If you're wanting to add some new dividend shares to your income portfolio, then the two listed below could be worth considering.
Here's what analysts are saying about these dividend shares right now:
Accent Group Ltd (ASX: AX1)
The first ASX dividend share to look at is this footwear focused retailer. It owns a large (and growing) stable of store brands including Glue, HYPEDC, Pivot, Platypus, Sneaker Lab, and Stylerunner.
Accent's shares have fallen heavily in recent months after lockdowns weighed on its performance. However, the team at Bell Potter appear confident that this is a short term blip and are expecting its earnings and dividends to rebound in FY 2023.
In light of this, while it is now only forecasting a fully franked dividend of 5.4 cents per share in FY 2022, it expects this to double to 11 cents per share in FY 2023. Based on the current Accent share price of $2.06, this will mean yields of 2.6% and 5.3%, respectively.
Bell Potter has a buy rating and $2.75 price target on Accent's shares.

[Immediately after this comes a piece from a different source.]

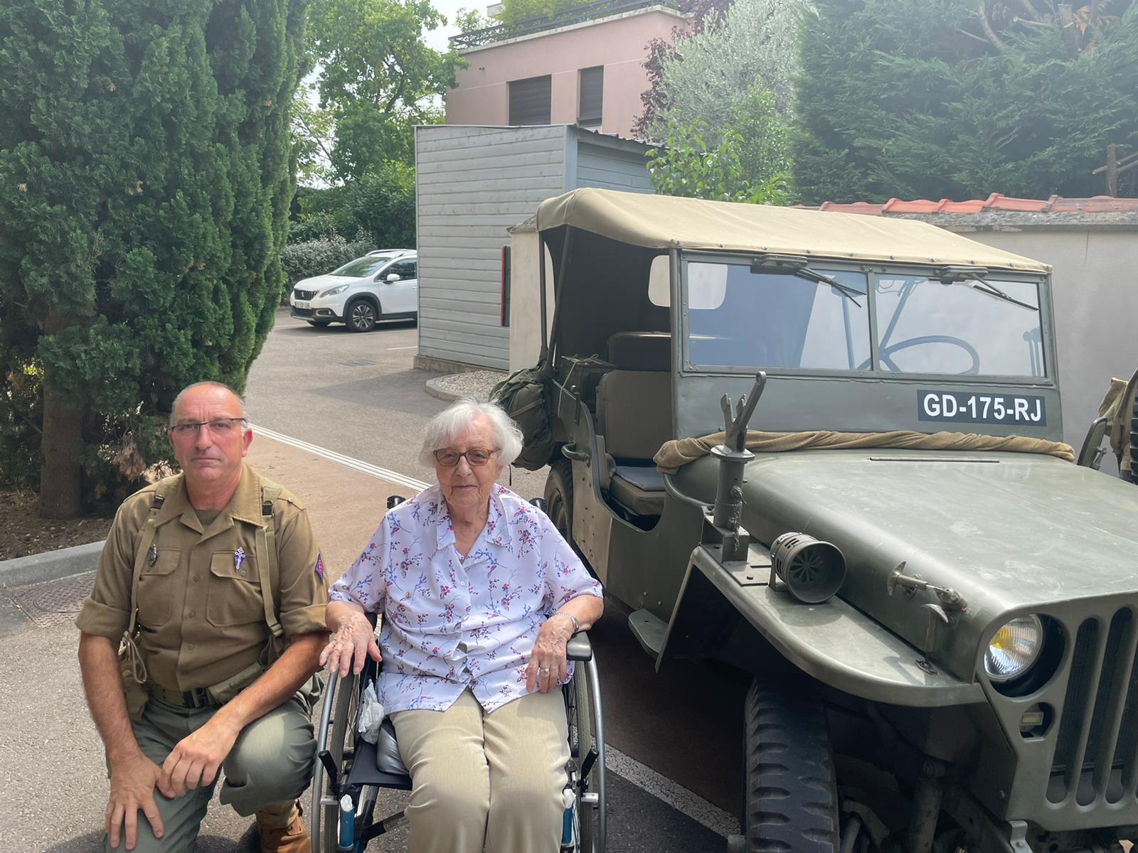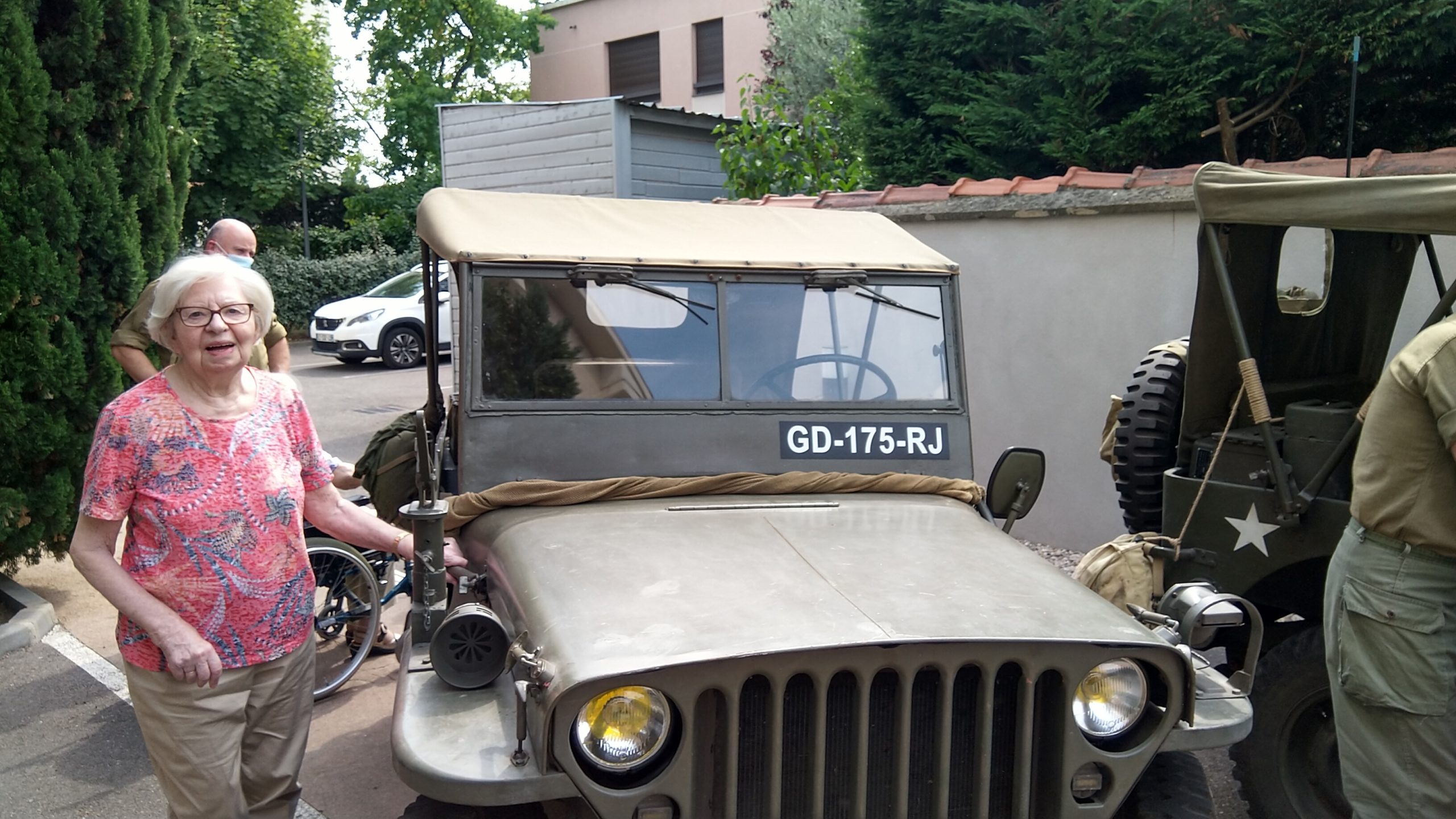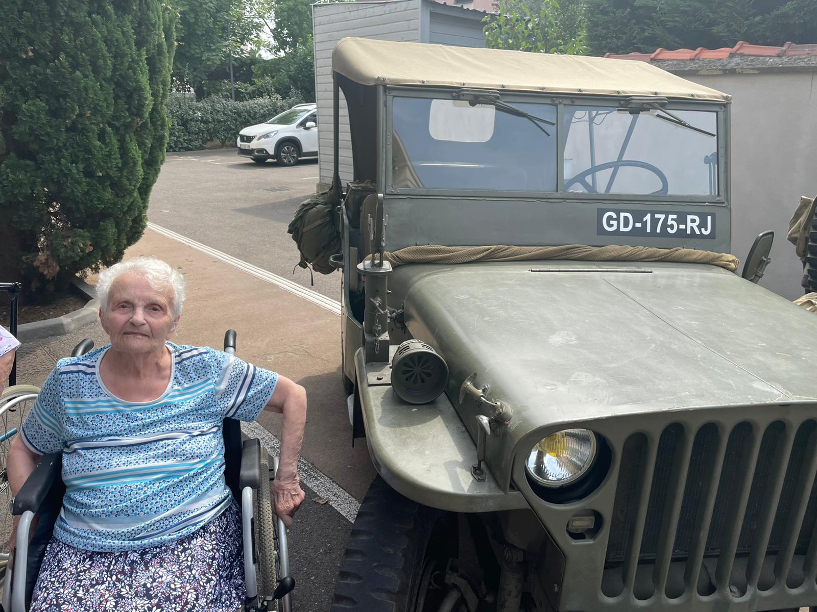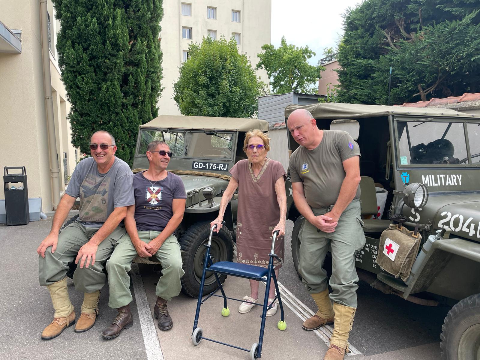 Cette année, pour fêter le 14 juillet, « n’ayant pas pu tirer un feu d’artifice dans le jardin », nous avons eu l’idée de faire venir une association de reconstitution historique. Dragoon 69 réunis des passionnés de la seconde guerre mondiale et qui représente, plus spécifiquement, un régiment de Fusiliers-Marins débarqué le 15 Aout 1944 en Provence. Connue pour assurer les cérémonies militaires et des journées de formation dans les écoles, ce jour-là, M. Dutronc, chef de groupe, est venu accompagné de 3 effectifs de Dragoon 69 et de 2 jeeps d’époque. Nous avons partagé une belle rencontre autour de souvenirs, avec la découverte des accessoires apportés, comme un gramophone, vinyles, et uniformes. Le goûter tout de bleu, blanc et rouge a été, pour l’occasion, une réussite. Le Cerdon a coulé à flots.

Woodside Petroleum Limited (ASX: WPL)
Another ASX dividend share to look at is Woodside. Unlike Accent, this energy producer's shares have been on fire in recent months. This has been driven by oil prices hitting seven-year highs and optimism over its upcoming merger with the petroleum assets of BHP Group Ltd (ASX: BHP).
This merger will be transformative for Woodside, making it a top ten global producer with a collection of world class operations and numerous growth options.
Morgans is very positive on the company and is expecting generous dividend payments in the coming years. The broker has pencilled in dividends per share of $1.26 in FY 2021 and then $1.29 in FY 2022. Based on the current Woodside share price of $27.03, this will mean yields of 4.65% and 4.8%, respectively.
The broker has an add rating and $30.55 price target on its shares.